Strittig sind die Mini-Korrekturen bei der Gesundheitsreform, auf die nicht zuletzt das Weiße Haus allergisch reagiert: Hier sind womöglich der Einkommensnachweis für Zuschüsse oder die Abschaffung der Gerätesteuer Punkte, die in einem neuen Entwurf stehen könnten.

Auf wen kommt es am Ende an?

Vor allem auf die Republikaner im Repräsentantenhaus. Dort wird am Mittwoch vor allem Mehrheitsführer Boehner Farbe bekennen müssen: Bislang scheute er die Konfrontation mit dem rechten Flügel. Weil die Zeit davonläuft, könnte er nun dazu gezwungen sein. Eigentlich will Boehner aus Prinzip nur Entwürfe zur Abstimmung bringen, hinter denen die komplette Fraktion steht.

Was aber, wenn der Tea-Party-Flügel auch den neuen Einigungsversuch ablehnt? Nach Boehners Prinzip würde es dann kein Votum geben. Weil die moderaten Republikaner einer Einigung gegenüber aufgeschlossen sind, könnte er den Entwurf jedoch trotzdem zur Abstimmung freigeben. Dann würde er wahrscheinlich mit Hilfe der demokratischen Minderheitsfraktion angenommen.

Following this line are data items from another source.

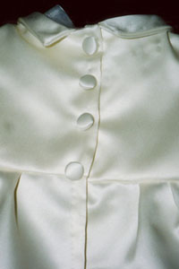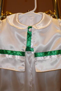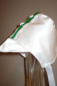 fabric trimmed with white and green silk satin trim, with a soft sateen
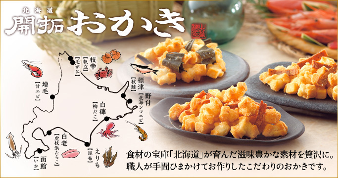 食材の宝庫「北海道」が育んだ滋味豊かな素材を贅沢に。職人が7日間もの時間と手間かけておつくりしたこだわりのおかきです。
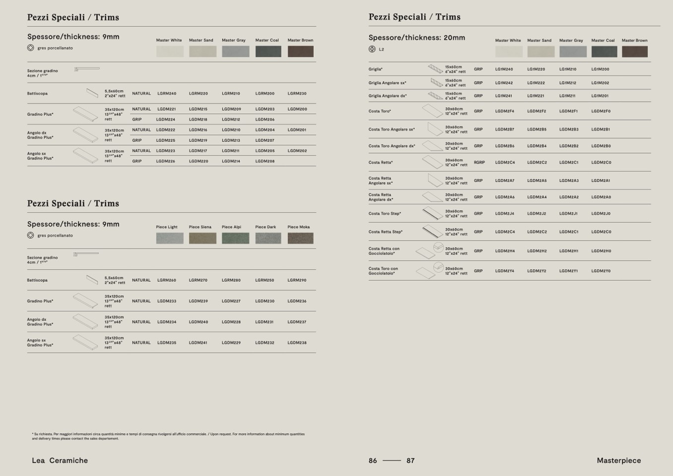 à minime e tempi di consegna rivolgersi all’ufficio commerciale. / Upon request. For more information about minimum quantities
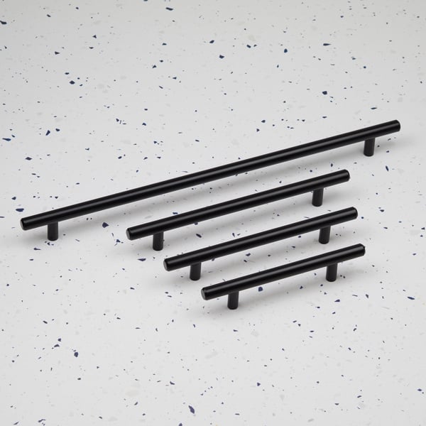 Classic design coupled with a solid steel construction make this black hardware collection both timeless and durable. Choose from hole centres of 96mm, 128mm, 160mm or 320mm in this simple, clean & modern bar handle design. With four sizes to choose from and a versatile finish this hardware collection is ideal for mixing and matching in different spaces around the home. The matt black finish adds modern, minimal finish to the traditional bar shape. An easy way to update kitchen cupboards & drawers, choose the size you need or mix & match.
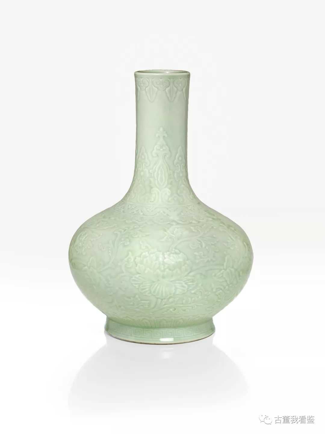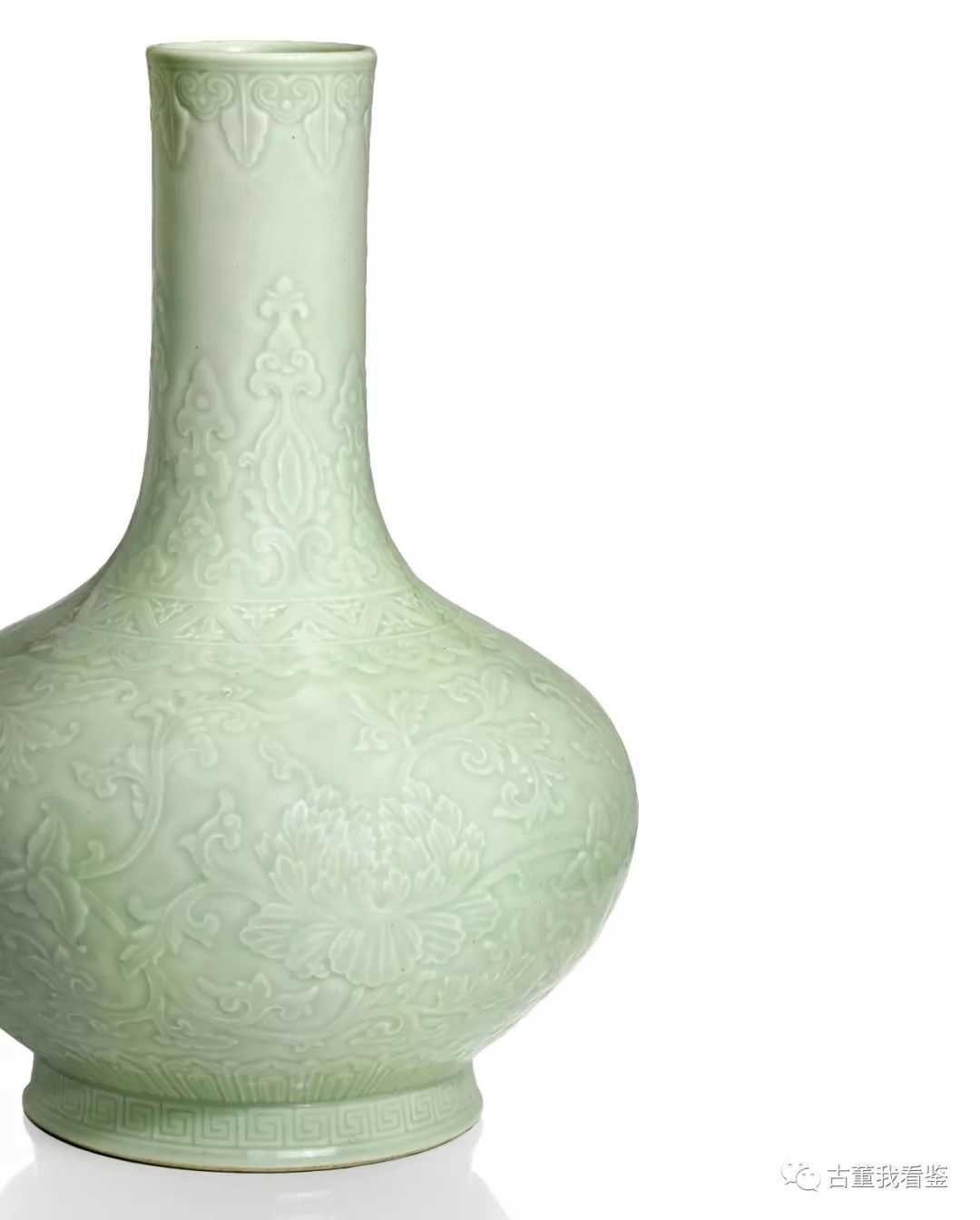 清乾隆冬青釉刻纏枝牡丹紋瓶六字篆書印款
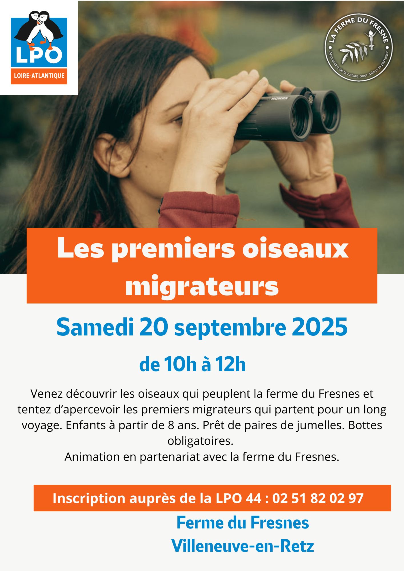 Le samedi 20 septembre 2025, de 10h à 12h, venez vivre une expérience unique à la Ferme du Fresne avec la LPO Loire-Atlantique : observer les premiers oiseaux migrateurs qui s’envolent pour un grand voyage.
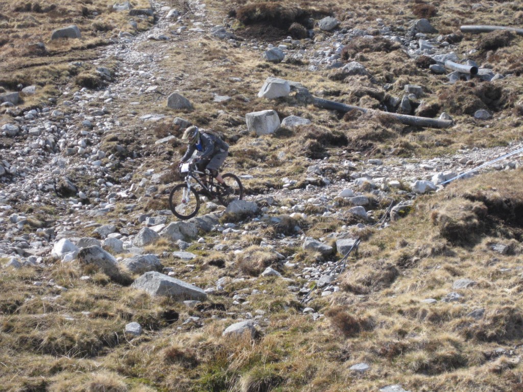 I wouldn’t recommend doing this yourselves, i did it to try it out, I expected the wheels to collapse and brakes to fail, I had a 40mm stem and riser bars and just treated it like a big BMX bike, stacks of fun, would have been better in the bogs if I didn’t have the back wheel so far out, this was super stable on the DH track and Jeep track but not so good for lifting the front wheel in the snow and bogs, what came out as well was riding in snow, Joe Barnes went really wide and rode round the chopped up snow, hit untouched snow, ready to pull the front wheel up when you hit a soft spot and away you go, seemed to work out alright for him 🙂
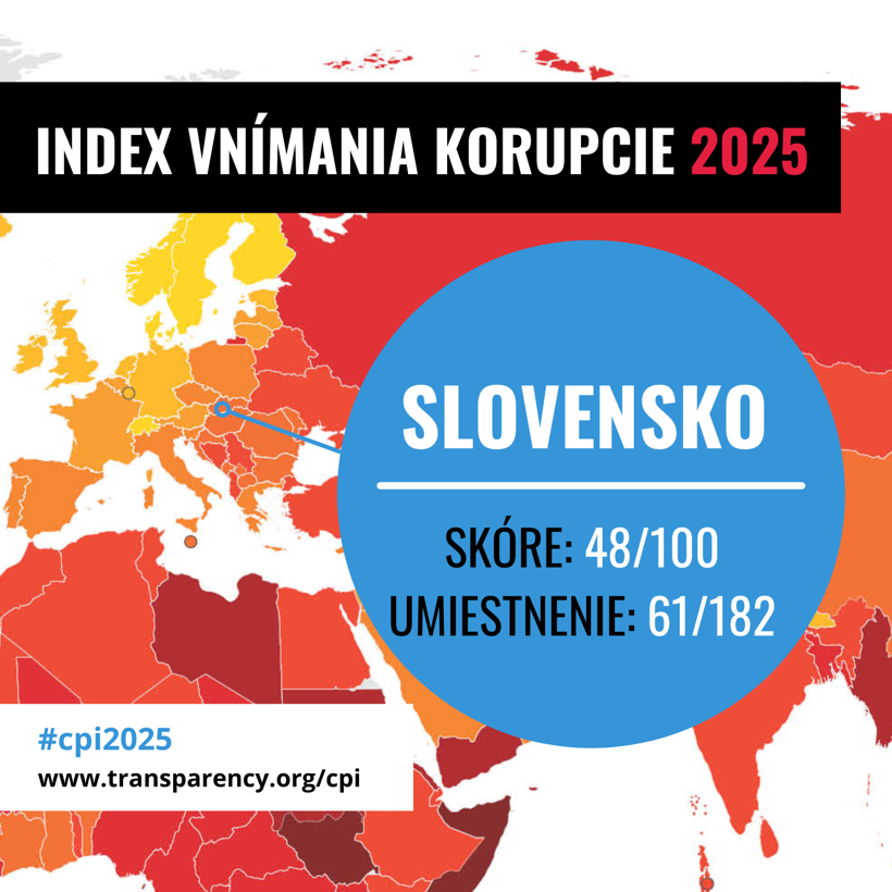 Slovensko sa v najcitovanejšom rebríčku vnímania korupcie prepadlo o ďalšie dve pozície na 61. miesto spomedzi 182 krajín. Od nástupu súčasnej vládnej moci tak stratilo už 14 pozícií a 6 bodov.

Allerdings würde das die Erzkonservativen extrem verärgern - sie könnten Boehner künftig das Leben noch schwerer machen, beispielsweise, indem sie in seinem Wahlkreis einen Gegenkandidaten aufstellen.

Gibt es überhaupt einen Gewinner bei dem ganzen Fiasko?

Nein. Die Amerikaner machen zwar hauptsächlich die Republikaner für die verfahrene Situation verantwortlich, doch das Chaos zeigt, dass im politischen Washington derzeit kaum zu regieren ist. Bei wichtigen Themen wie dem Haushalt fanden die Lager in den vergangenen Jahrzehnten aus Staatsräson fast immer einen Kompromiss, nun ist alles Teil des politischen Spiels.

Diese Gewissheit hat nun auch Obama, dem viele Kritiker vorwerfen, einen allzu harten Kurs gefahren und wie so häufig wenig Einfühlungsvermögen in die Befindlichkeiten des Kongresses gezeigt zu haben. Der US-Präsident muss nun mit den Folgen des Theaters leben, zu denen ein geringeres Wirtschaftswachstum sowie ein beschädigter Ruf Amerikas und seiner Institutionen gehören - auch bei Investoren. Das Vertrauen, dass die USA ihren Verpflichtungen immer nachkommen werden, ist auch ohne Zahlungsunfähigkeit angekratzt. Für ein Land, das als Rückgrat der Weltwirtschaft und Ankerpunkt des Finanzsystems gilt, vermitteln die USA derzeit keinen guten Eindruck.